INPUT MATERIAL -
──────

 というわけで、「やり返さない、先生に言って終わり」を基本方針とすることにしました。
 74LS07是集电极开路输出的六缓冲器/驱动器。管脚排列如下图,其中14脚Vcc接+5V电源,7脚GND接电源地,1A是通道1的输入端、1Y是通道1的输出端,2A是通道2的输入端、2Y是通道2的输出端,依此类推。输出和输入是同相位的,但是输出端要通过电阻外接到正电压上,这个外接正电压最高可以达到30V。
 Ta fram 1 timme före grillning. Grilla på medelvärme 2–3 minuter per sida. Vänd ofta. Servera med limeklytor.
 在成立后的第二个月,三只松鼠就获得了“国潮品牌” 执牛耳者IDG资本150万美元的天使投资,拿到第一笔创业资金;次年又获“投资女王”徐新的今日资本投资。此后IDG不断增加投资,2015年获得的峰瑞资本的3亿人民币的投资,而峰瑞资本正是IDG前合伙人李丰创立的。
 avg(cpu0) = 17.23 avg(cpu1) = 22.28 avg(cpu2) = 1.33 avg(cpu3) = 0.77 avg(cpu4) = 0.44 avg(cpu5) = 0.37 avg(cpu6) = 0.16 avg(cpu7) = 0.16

──────

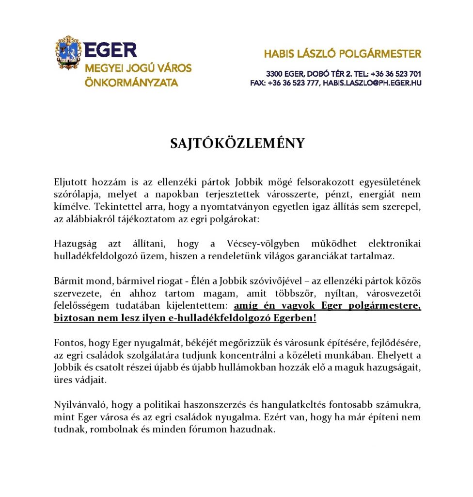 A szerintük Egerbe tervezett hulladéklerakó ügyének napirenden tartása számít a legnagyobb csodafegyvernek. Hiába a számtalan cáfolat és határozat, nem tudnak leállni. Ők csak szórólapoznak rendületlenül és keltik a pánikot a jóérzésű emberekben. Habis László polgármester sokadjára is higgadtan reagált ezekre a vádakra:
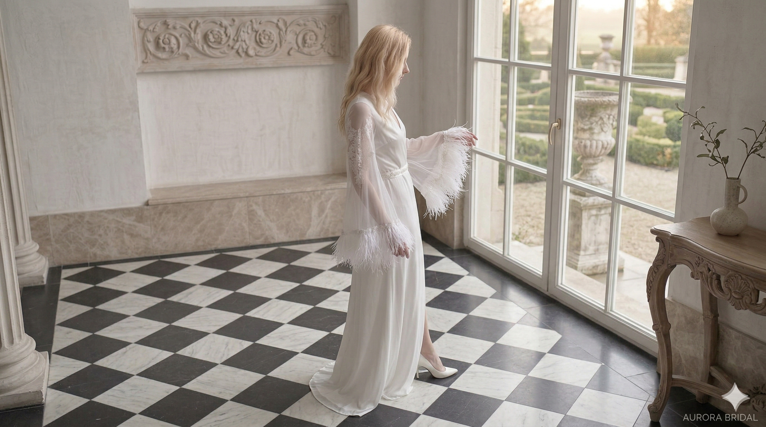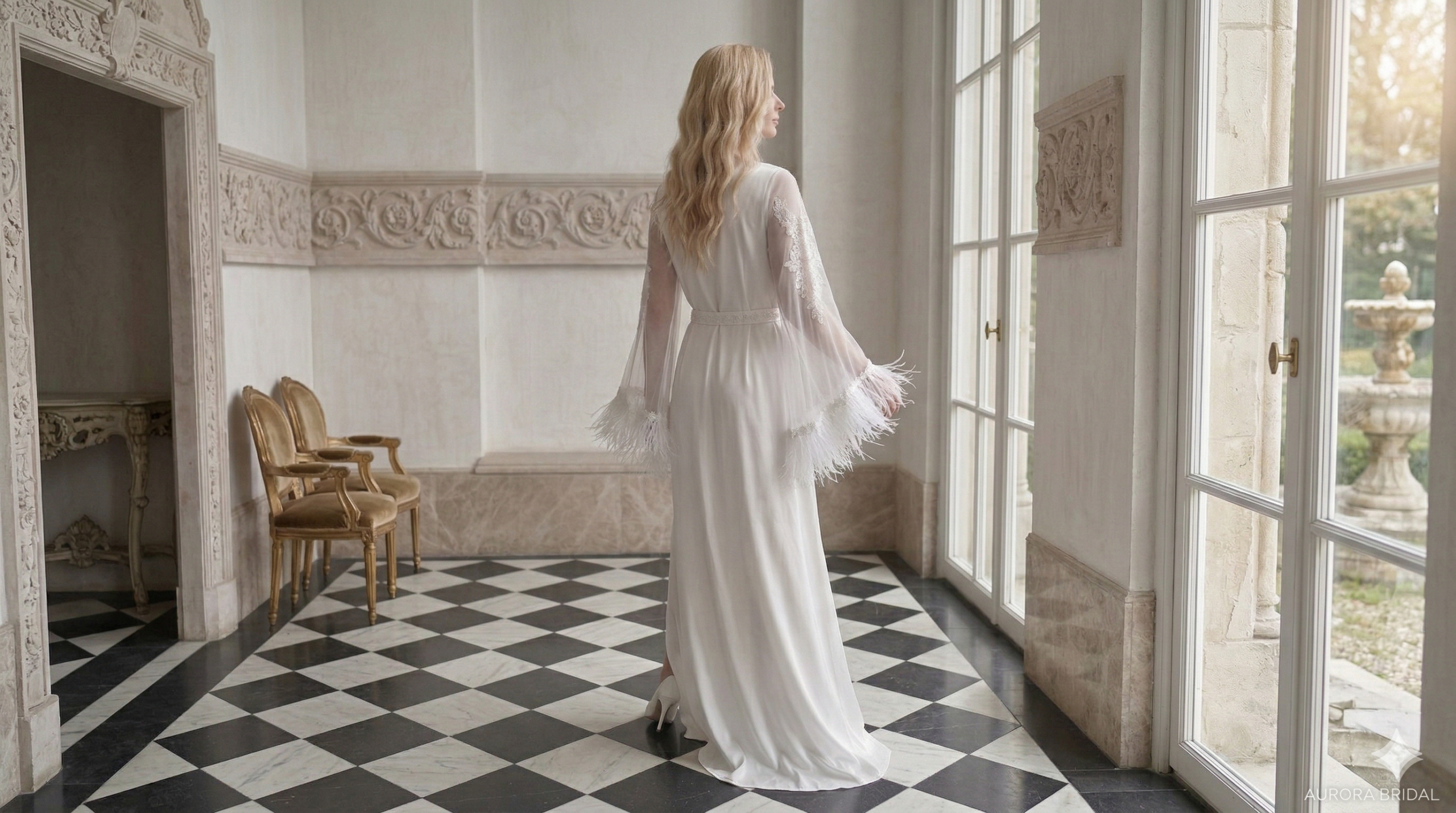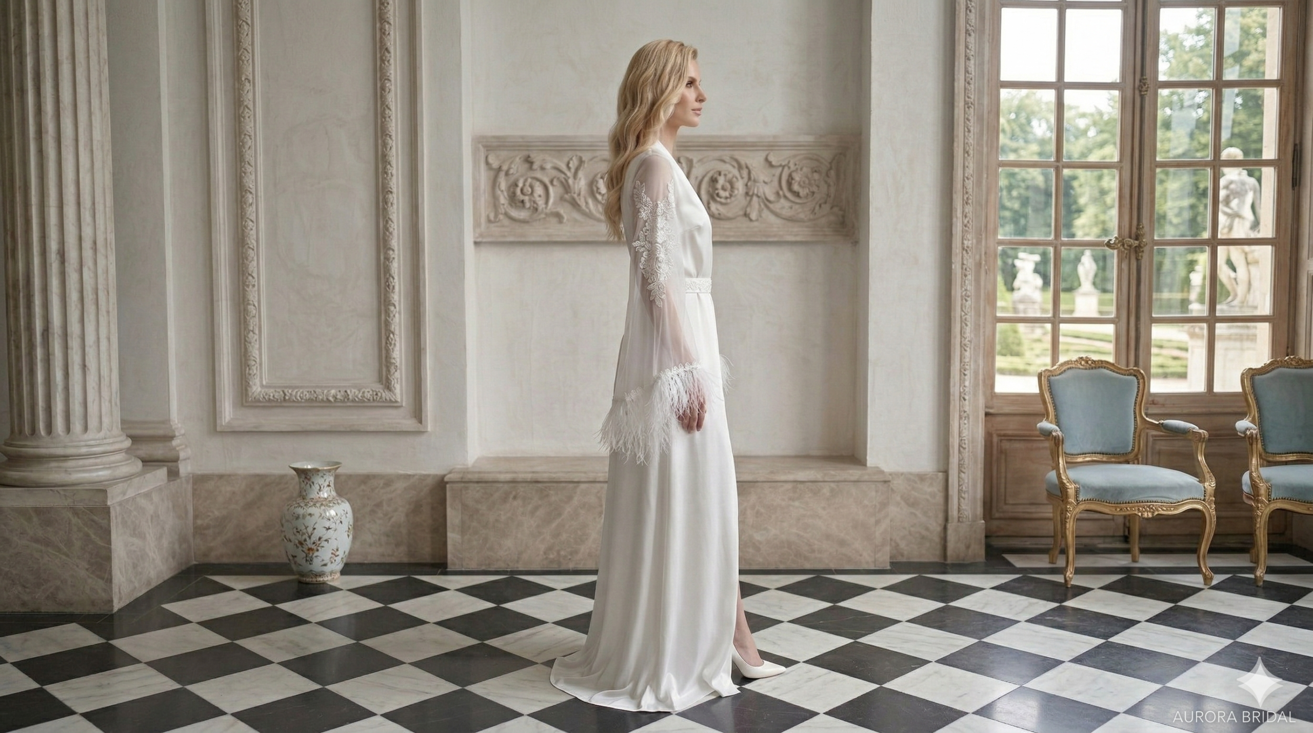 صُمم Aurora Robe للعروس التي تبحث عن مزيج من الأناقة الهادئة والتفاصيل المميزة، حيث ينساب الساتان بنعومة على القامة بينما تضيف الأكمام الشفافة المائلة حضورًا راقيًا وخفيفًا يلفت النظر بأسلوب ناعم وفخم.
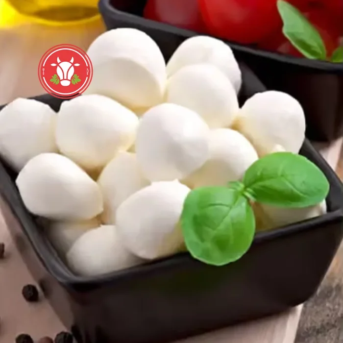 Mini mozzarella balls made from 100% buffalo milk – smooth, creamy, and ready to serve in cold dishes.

──────

WORK INSTRUCTION -
Only one stretch of the entries above is wanted: the lines from the one containing "74LS07是集电极开路输出" through the one containing "Ta fram 1 timme". Please reproduce it exactly.

RESPONSE AREA -
 74LS07是集电极开路输出的六缓冲器/驱动器。管脚排列如下图,其中14脚Vcc接+5V电源,7脚GND接电源地,1A是通道1的输入端、1Y是通道1的输出端,2A是通道2的输入端、2Y是通道2的输出端,依此类推。输出和输入是同相位的,但是输出端要通过电阻外接到正电压上,这个外接正电压最高可以达到30V。
 Ta fram 1 timme före grillning. Grilla på medelvärme 2–3 minuter per sida. Vänd ofta. Servera med limeklytor.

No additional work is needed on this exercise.